Los hermanos contra os agrotóxicos

Argentinos lutam em várias frentes contra devastação provocada pelos agroquímicos; crianças de escolas rurais são atingidas

Por Inês Castilho

Os fatos se sucedem na Argentina, e parecem ter no Tribunal Monsanto um polo irradiador. Depois de denunciada no Tribunal, uma pesquisa que comprova a relação entre câncer e agroquímicos foi censurada e gerou solidariedade em outros países. Estudo da mesma universidade anunciou a comprovação dos efeitos tóxicos do glifosato para o sistema nervoso. Expostas no Tribunal, as fotografias de “O custo humano dos agrotóxicos”, de Pablo Ernesto Piovano, sobre as ‘zonas fumigadas’, ganhou prêmio internacional.

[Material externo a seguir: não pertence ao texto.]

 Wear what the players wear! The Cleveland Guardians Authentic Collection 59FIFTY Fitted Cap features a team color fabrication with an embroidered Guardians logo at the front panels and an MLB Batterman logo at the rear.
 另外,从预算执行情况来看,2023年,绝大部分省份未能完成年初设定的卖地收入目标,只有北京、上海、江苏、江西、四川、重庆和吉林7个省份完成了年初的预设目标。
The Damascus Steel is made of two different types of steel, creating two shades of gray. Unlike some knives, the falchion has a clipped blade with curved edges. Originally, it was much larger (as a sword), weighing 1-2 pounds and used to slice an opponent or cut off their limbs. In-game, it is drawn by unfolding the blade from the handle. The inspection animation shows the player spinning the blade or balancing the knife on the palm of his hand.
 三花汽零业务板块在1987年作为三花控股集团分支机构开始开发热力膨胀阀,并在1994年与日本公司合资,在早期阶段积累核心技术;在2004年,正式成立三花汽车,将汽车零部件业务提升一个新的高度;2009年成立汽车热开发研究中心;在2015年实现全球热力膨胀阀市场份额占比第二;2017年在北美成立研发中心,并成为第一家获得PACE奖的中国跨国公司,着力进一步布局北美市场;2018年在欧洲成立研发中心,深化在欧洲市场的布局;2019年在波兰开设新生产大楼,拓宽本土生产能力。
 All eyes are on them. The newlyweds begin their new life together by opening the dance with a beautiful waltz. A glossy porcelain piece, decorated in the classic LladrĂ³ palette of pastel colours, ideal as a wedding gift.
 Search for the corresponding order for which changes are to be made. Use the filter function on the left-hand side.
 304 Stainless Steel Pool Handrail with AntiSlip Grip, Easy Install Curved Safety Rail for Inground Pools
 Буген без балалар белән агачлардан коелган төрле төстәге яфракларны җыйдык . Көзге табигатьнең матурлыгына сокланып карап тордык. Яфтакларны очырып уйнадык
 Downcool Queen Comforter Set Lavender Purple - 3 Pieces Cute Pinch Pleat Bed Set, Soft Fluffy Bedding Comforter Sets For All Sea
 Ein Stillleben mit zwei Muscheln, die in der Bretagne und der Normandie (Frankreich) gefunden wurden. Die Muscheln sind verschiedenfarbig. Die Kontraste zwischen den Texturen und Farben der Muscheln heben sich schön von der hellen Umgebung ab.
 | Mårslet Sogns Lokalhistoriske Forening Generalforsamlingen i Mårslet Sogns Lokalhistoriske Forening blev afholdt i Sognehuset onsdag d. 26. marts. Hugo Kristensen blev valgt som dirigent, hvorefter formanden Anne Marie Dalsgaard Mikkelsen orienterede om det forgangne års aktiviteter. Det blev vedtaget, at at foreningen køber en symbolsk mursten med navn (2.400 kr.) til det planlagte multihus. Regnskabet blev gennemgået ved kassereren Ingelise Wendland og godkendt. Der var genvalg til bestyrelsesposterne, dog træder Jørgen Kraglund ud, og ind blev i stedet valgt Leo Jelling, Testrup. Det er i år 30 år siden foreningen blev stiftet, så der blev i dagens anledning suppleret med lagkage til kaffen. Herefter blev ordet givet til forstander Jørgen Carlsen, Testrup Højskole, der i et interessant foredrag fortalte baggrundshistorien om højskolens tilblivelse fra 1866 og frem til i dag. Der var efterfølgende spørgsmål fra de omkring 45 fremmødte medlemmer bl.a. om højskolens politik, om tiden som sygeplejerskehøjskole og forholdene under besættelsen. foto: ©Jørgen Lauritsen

E mais. Uma fábrica da Monsanto foi fechada. Uma caravana contra os agrotóxicos foi armada por vizinhos autoconvocados que se definem como “vítimas de envenenamento por viver em pueblos fumigados com agrotóxicos”. A morte por intoxicação de uma criança está sendo julgada.

CENSURA AOS ACAMPAMENTOS SANITÁRIOS

O médico Damián Verzeñassi acabava de voltar da Holanda, onde relatara ao Tribunal Internacional Monsanto as pesquisas realizadas por sua equipe na Universidade Nacional de Rosário, na Argentina, demonstrando a relação existente entre expansão do uso de agrotóxicos e a tendência a contrair câncer na população rural. Foi quando soube que estava impedido de acessar os dados da pesquisa, trancados com corrente e cadeado pelo decano da Faculdade de Ciências Médicas, à qual ele e sua equipe estão ligados. A reação da comunidade acadêmica e dos movimentos sociais fez os dados serem liberados.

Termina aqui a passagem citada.